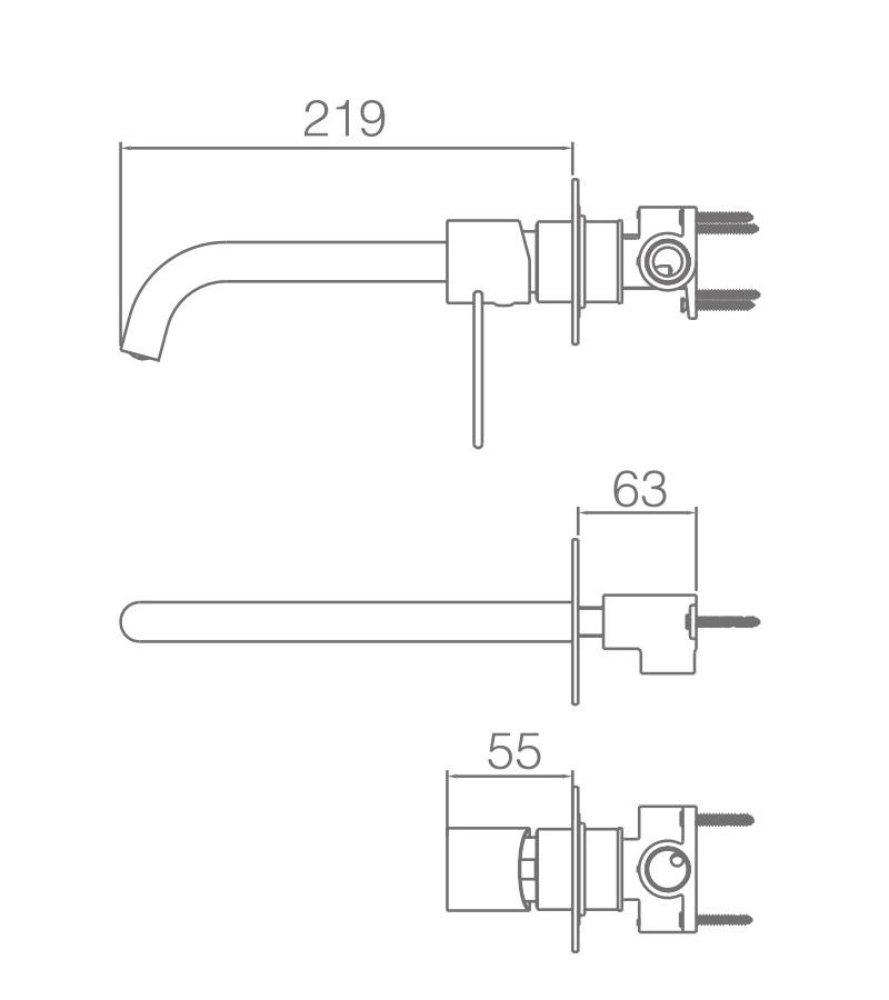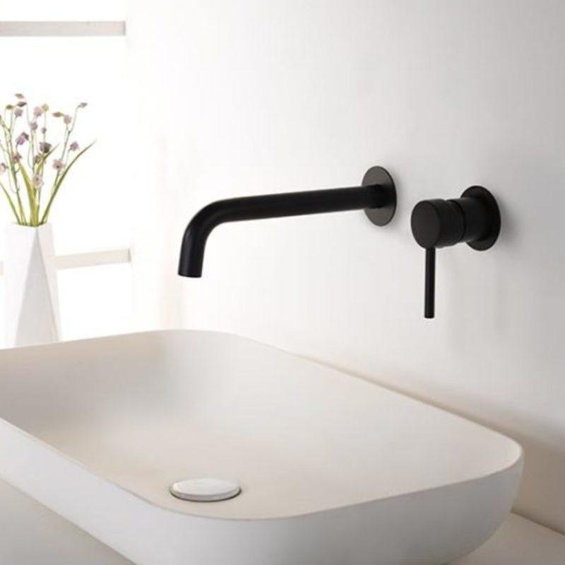 Mitigeur deux pièces : une sortie d'eau et un régulateur sous forme de poignée. Deux trous dans le mur sont nécessaires.
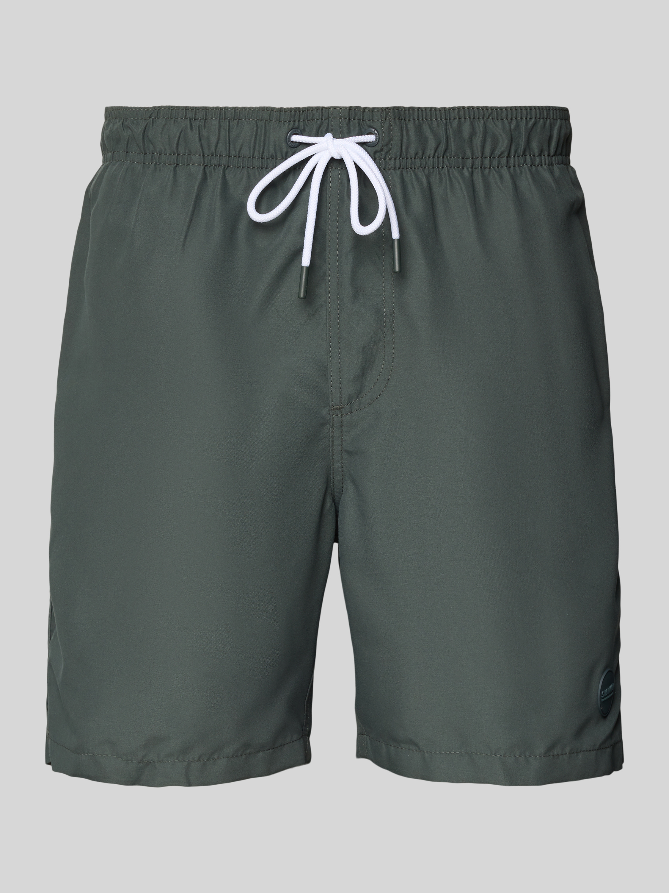Regular fit zwembroek met labelpatch, model 'Mike' in olijfgroen
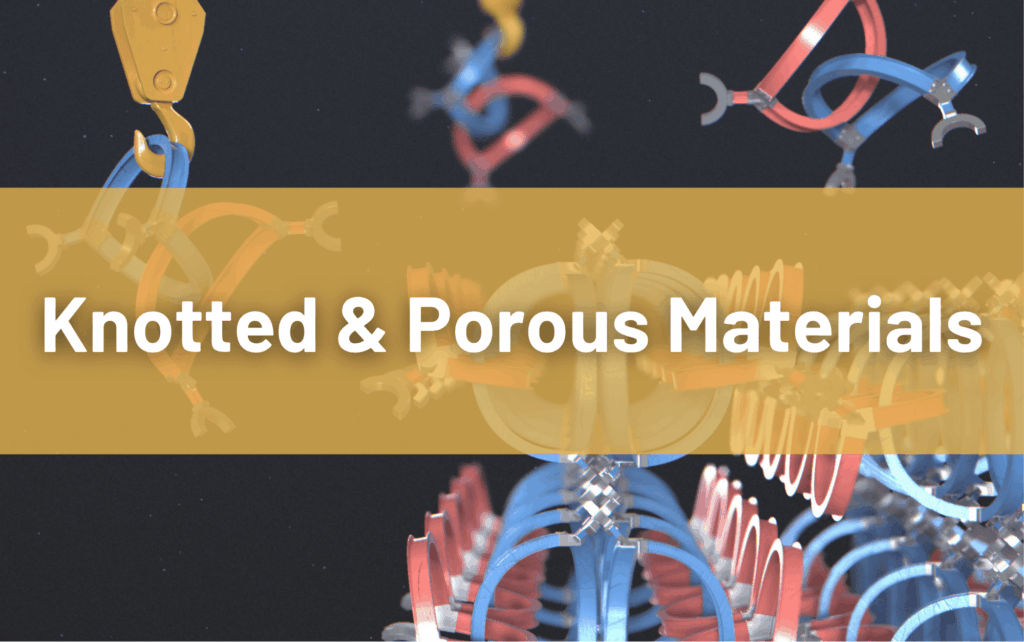 Developing knotted and porous materials, including crystals and aerogels

▸ TASK DESCRIPTION:
In your copy of the listing above, every line must match exactly and no picture may appear.

▸ ANSWER TO THE PROBLEM:
 Mitigeur deux pièces : une sortie d'eau et un régulateur sous forme de poignée. Deux trous dans le mur sont nécessaires.
Regular fit zwembroek met labelpatch, model 'Mike' in olijfgroen
 Developing knotted and porous materials, including crystals and aerogels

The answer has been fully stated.